El-Gendi, along with several fellow members of Egypt’s el-Warsha theater troupe, was rehearsing for a performance marking her graduation from a storytelling course. Each of the seven young, talented storytellers recited a folktale taken from Fatouh Ahmed Folktales of Daqahlia. El-Warsha director Hassan el-Geretly had taught them how to use body language and voice to bring to life the ancient tales, letting their presence enhance rather than overshadow the plot. Gradually, their gestures are tangled with their stories and consequently they themselves become the story. Hence, the storyteller, with his or her elaborating and clarifying gestures, is as important as the words. 

Emad Ismail’s retelling of El-Shater Hassan (Clever Hassan) stood out, as did Doaa Hamza’s story of a genie in a box and El-Gendi’s story of the Sultan’s daughter. All three storytellers created enchanting worlds where “fields are scattered at the back of the sultan’s daughter,and jinneyes hide in old boxes.

This is not el-Warsha’s first venture into the sadly fading world of storytelling. In 2007, in partnership with Goethe Institute and the French Cultural Center in Alexandria, el-Warsha members compiled 13 stories from the oral history of the Siwa Oasis in a publication called Desert Stories. Members of the troupe also participated in Hekaya, another project aiming to preserve storytelling techniques in the Arab World.

“Since I founded el-Warsha back in 1987, folktales have been part of our performances,” explained el-Geretly. “I realized that by focusing on storytelling performances, we were emphasizing an aspect of life that defies absurdity and death. We imitate what Sheherazad did every night to prolong her life.”

“Storytelling is an natural way to preserve and transfer ideas from one generation to the other. It served as the primary medium of spreading cultural and religious ideas long before history and geography, ” explained Nahla Emam, a professor of Rituals and Traditions at the Art Academy and one of the consultants of the Egyptian Archives of Traditional Culture.. “However, the method must be as interesting as the content, be it in the form of storytelling or a quote. The simpler it is, the more it preserves the authenticity of its message.”

Storytelling can also empower the storyteller.

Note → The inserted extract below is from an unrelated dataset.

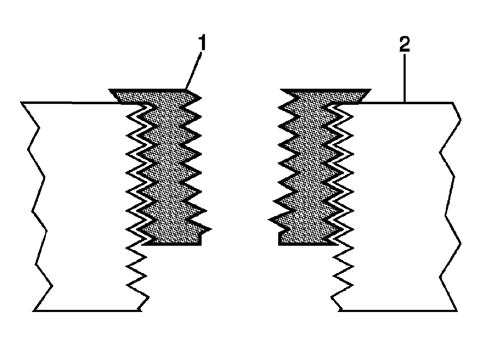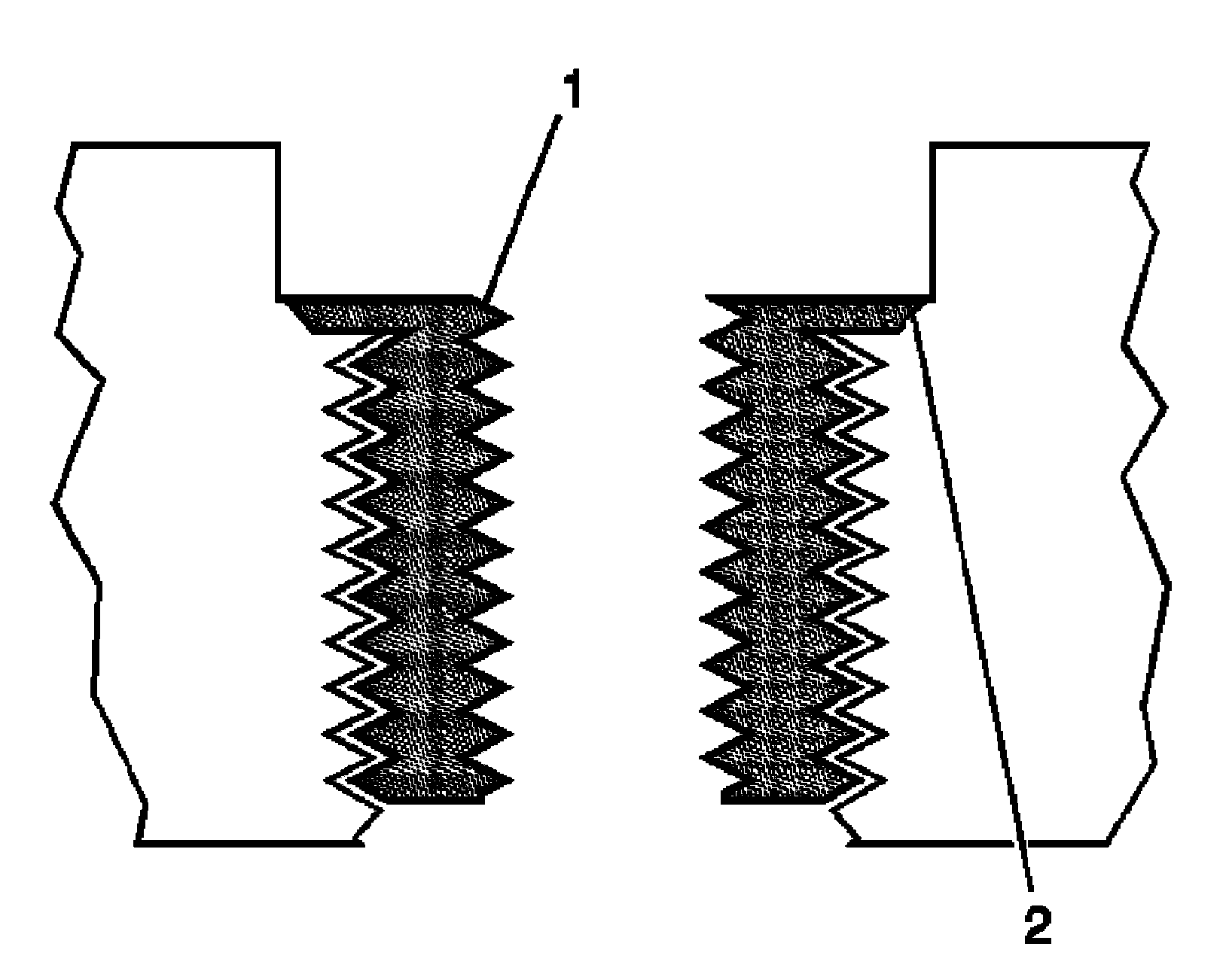 11. Apply threadlock sealant GM P/N 12345493, (Canadian P/N 10953488), J 42385-109, LOCTITE 277(R) or equivalent (1) to the insert OD threads (2).

In 1998, the storytelling group Qalat Al Rawia (The Female Storyteller Said) was founded under the umbrella of the Women and Memory forum, headed by Hala Kamal. “The idea was to revisit and rewrite Arab folktales from a gender sensitive perspective,” explained Sahar el-Mougy, a writer and member the storytelling group. “Folktales bind women to two stereotypes. Either they are beautiful and passive, or ugly and wicked.” The first of it’s kind in the Middle East, members of Qalat Al Rawia used various techniques to convey their messages. “There are several degrees of rewriting; we can be inspired by an old story and put it in a modern context where women can be more active instead of only being beautiful, where they can be saviors instead of being saved,” continued el-Mougi, who later went on to create, with her colleagues from Qalat Al Rawia, the Ana el-Hekaya (I Am the Story) storytelling group. “The storytellers in Ana el-Heyaka are inspired by real, contemporary, underprivileged women. We work in collaboration with the AUC social research center, as well as young bloggers,” explained el-Mougi

Despite all these efforts, storytellers today are confronted with a dwindling audience. According to Emam, “Cartoons and kid’s television have standardized the image of story characters. Today there is only one Snow White, but to my generation, there was room for imagination.”

Hope for storytelling comes from the Egyptian Archives of Traditional Culture, established in 2007, which has collected 1,984 hours of video, 623 hours of sound recordings, and 95,739 photos from 24 governorates. Headed by Ahmed Morsy, chairman of the Egyptian Society for Folk Tradition, and supported by the Egyptian Ministry of Culture, authentic Egyptian folktales, arts and rituals are recorded in the offices of the National Archive, which is located in the historic building Beit el-Kharazati, at Gamalia.

All Egyptians are encouraged to contribute a story to the national archive.